Ayrıca, beynimizin enerjiyi yönetmek için yeni yollar geliştirmek zorunda kaldığı anlaşılıyor. PLoS ONE'da sonuçları birkaç yıl önce yayınlanan bir araştırmada, beynimizin birçok alanında (yani vücudumuzun diğer maddelerden enerjinin çıkarılmasına müdahale etmek için kullanılan moleküllerin) kullanıldığı metabolitlerin kanıtlandığı kanıtlandı. ) diğer primat türlerininkilerden çok daha hızlı bir oranda gelişti. Öte yandan, aynı araştırmada, türler arasındaki büyüklük farkının etkisinin ortadan kaldırılmasının, bizim çalışılan diğer nesli tükenmiş olmayan maymunların yarısı kadar güçlü olduğu gözlenmiştir..
Daha büyük beyin enerji tüketimi
Diğer büyük organizmalarla aynı vücut sağlamlığına sahip olmadığımızdan, baş seviyesindeki bu daha yüksek tüketim, tüm vücudu kullanarak enerji kaynaklarını bulma yollarının sürekli olarak dengelenmesi gerekir..

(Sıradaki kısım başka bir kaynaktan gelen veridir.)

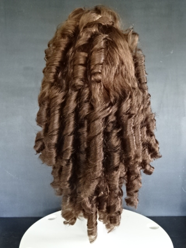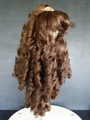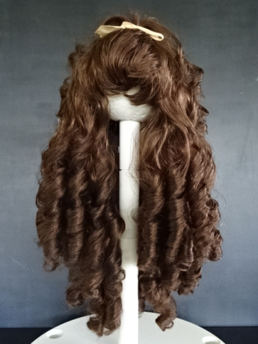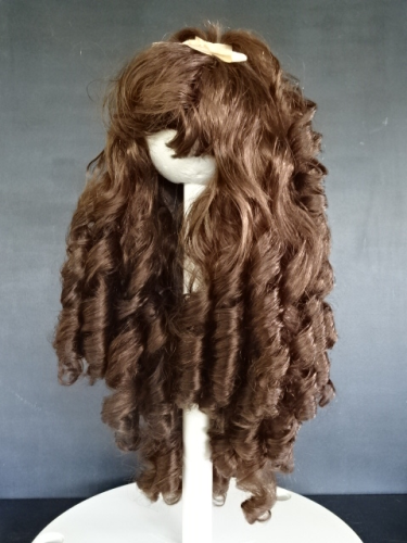 Perruque en cheveux 100% naturels, cheveux très longs avec boucles et frange.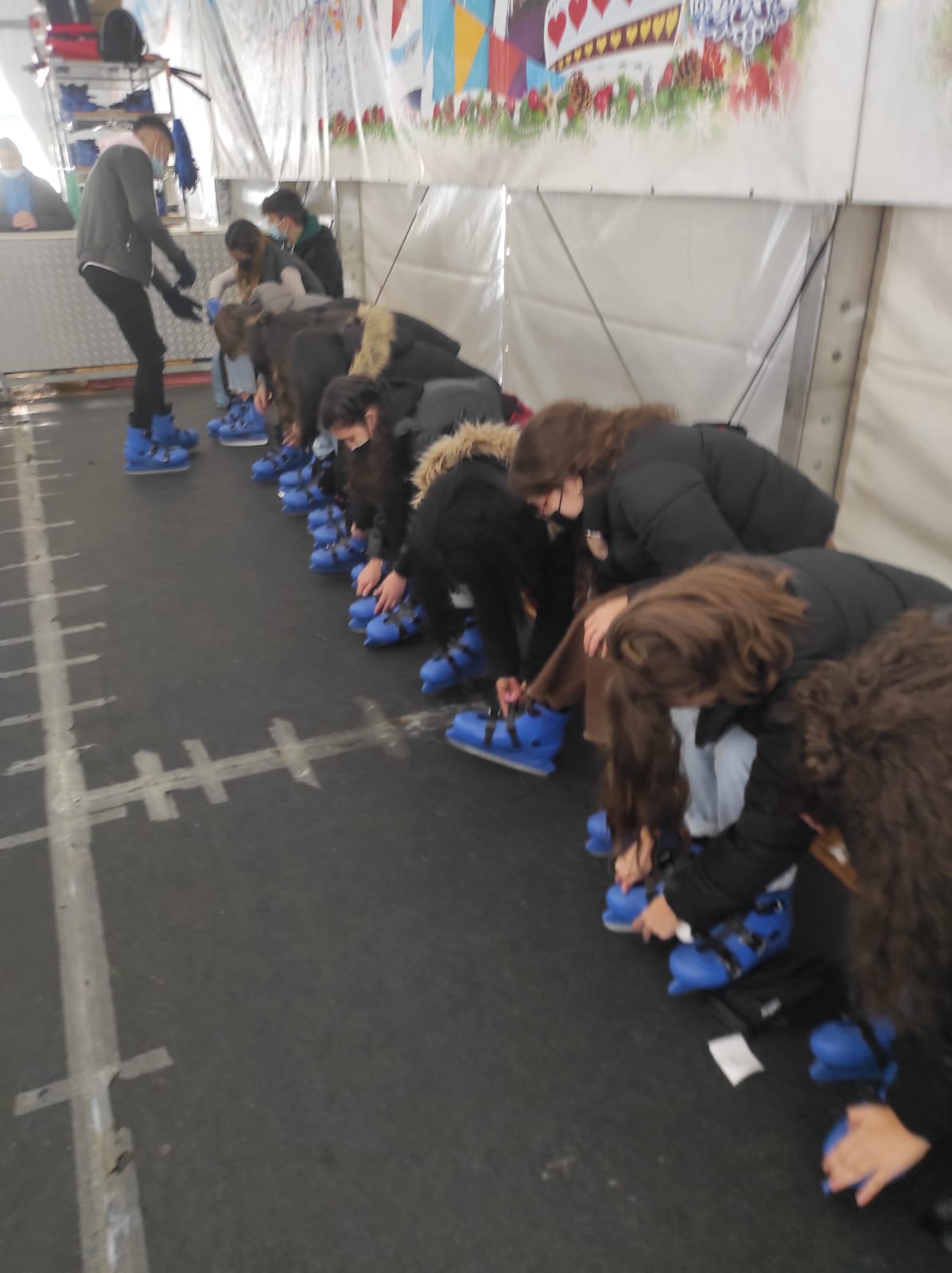 Aqui podemos verlos preparando su atuendo para patinar …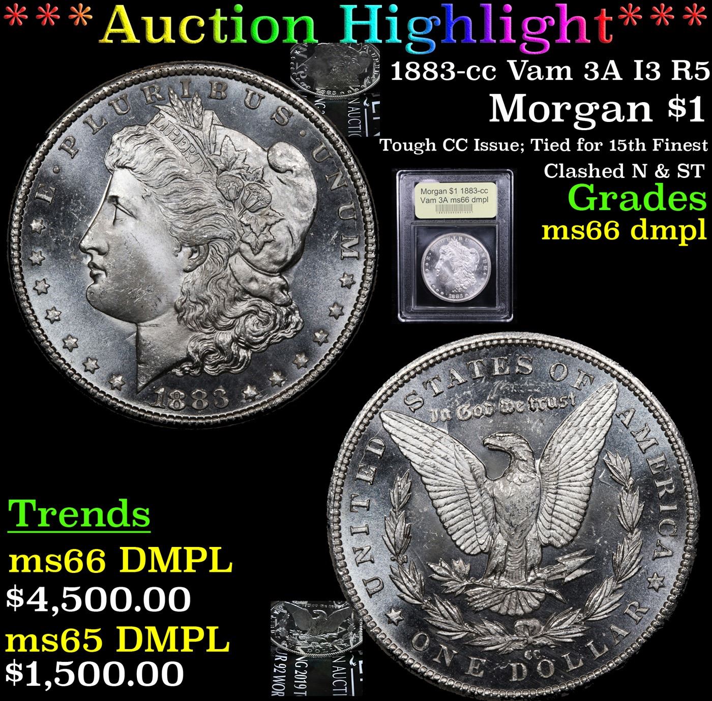 ***Auction Highlight*** 1883-cc Vam 3A I3 R5 Morgan Dollar $1 Graded GEM+ UNC DMPL By USCG (fc)

Bu nedenle evrim dönüşü olmayan bir sokaktayız: yok olmak istemiyorsak, çevremizin değişen zorluklarıyla yüzleşmenin yeni yollarını aramayı bırakamayız. paradoksal, bize gücümüzü çalan aynı organı sağladığını planlama ve hayal etme yeteneğine bağlıyız..
- Belki de ilgileniyorsunuz: "İnsan zekası teorileri"

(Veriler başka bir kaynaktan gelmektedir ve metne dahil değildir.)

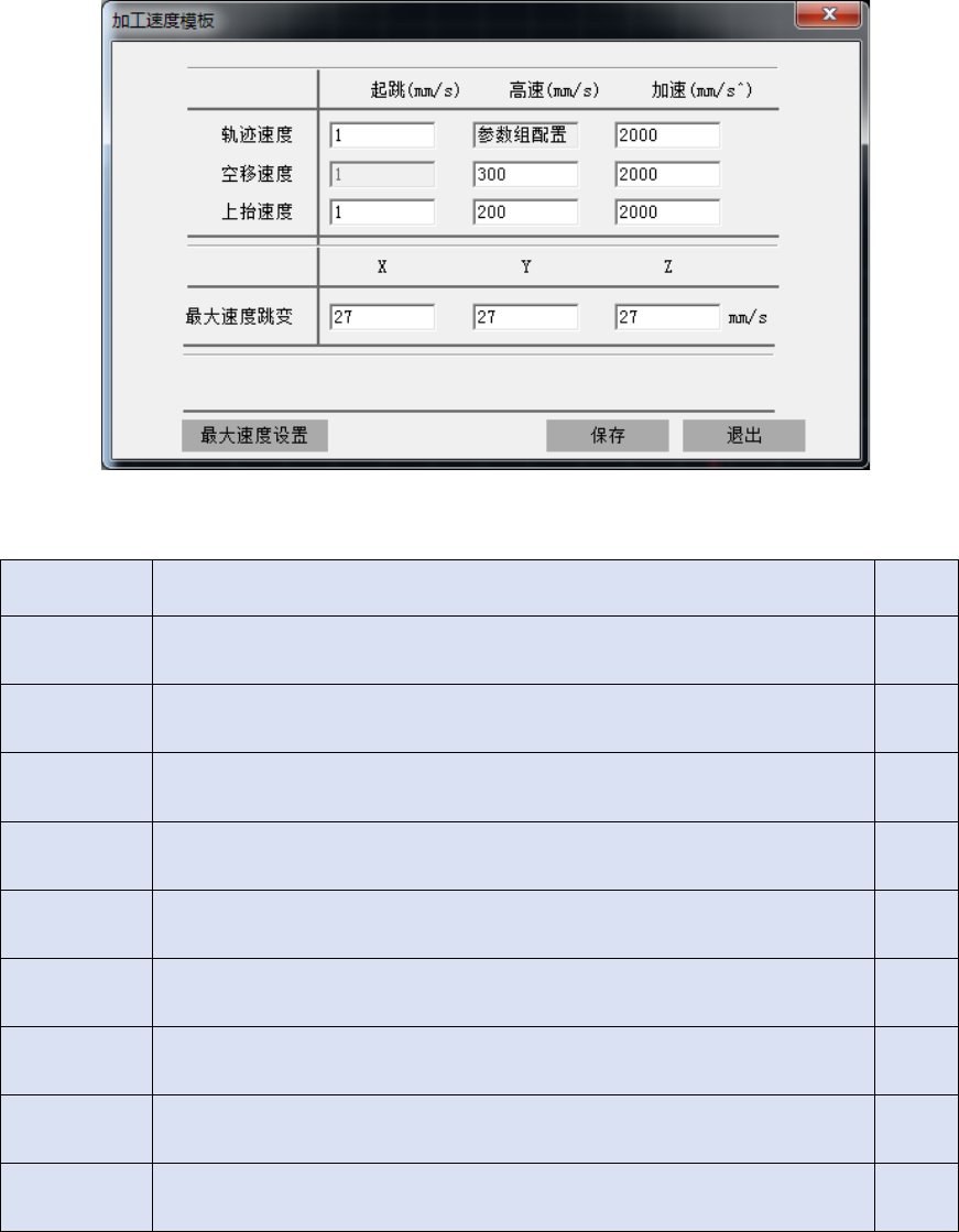 1 、系统默认 X/Y /Z 轴运动速度以及加 速度,更改此 处速度为新建加 工任务默认速度 。 名称 意义 单位 轨迹加速度 任务加工过程中 轴的加速度。 mm/s ^ 加工起跳速度 当轴初始速度( 零)跳变成恒速 时,代替零值 作为初始值的速 度。 mm/s 空移 速度 非加工状态时, 各个轴的运动速 度。此处也是 相机拍照 运动的 速度。 mm/s 空移 加速 非加工状态时, 各个轴由一个速 度跳变到另一 个速度的时间惯 量。 m…

Bibliyografik referanslar:
- Aiello, L.C., Wheeler, P. (1995). Pahalı doku hipotezi: insanda beyin ve sindirim sistemi ve primat evrimi. Güncel Antropoloji, 36, s. 199 - 221.
- Arsuaga, J. L. ve Martinez, I. (1998). Seçilen türler: insan evriminin uzun yürüyüşü. Madrid: Gezegen Baskıları.
- Bozek, K., Wei, Y., Yan, Z., Liu, X., Xiong, J., Sugimoto, M. ve ark. (2014). İnsan Kasının ve Beyin Metabolomlarının Olağanüstü Evrimsel Ayrışması İnsanın Bilişsel ve Fiziksel Eşsizliği ile Paralellikler. Plos Biyolojisi, 12 (5), e1001871.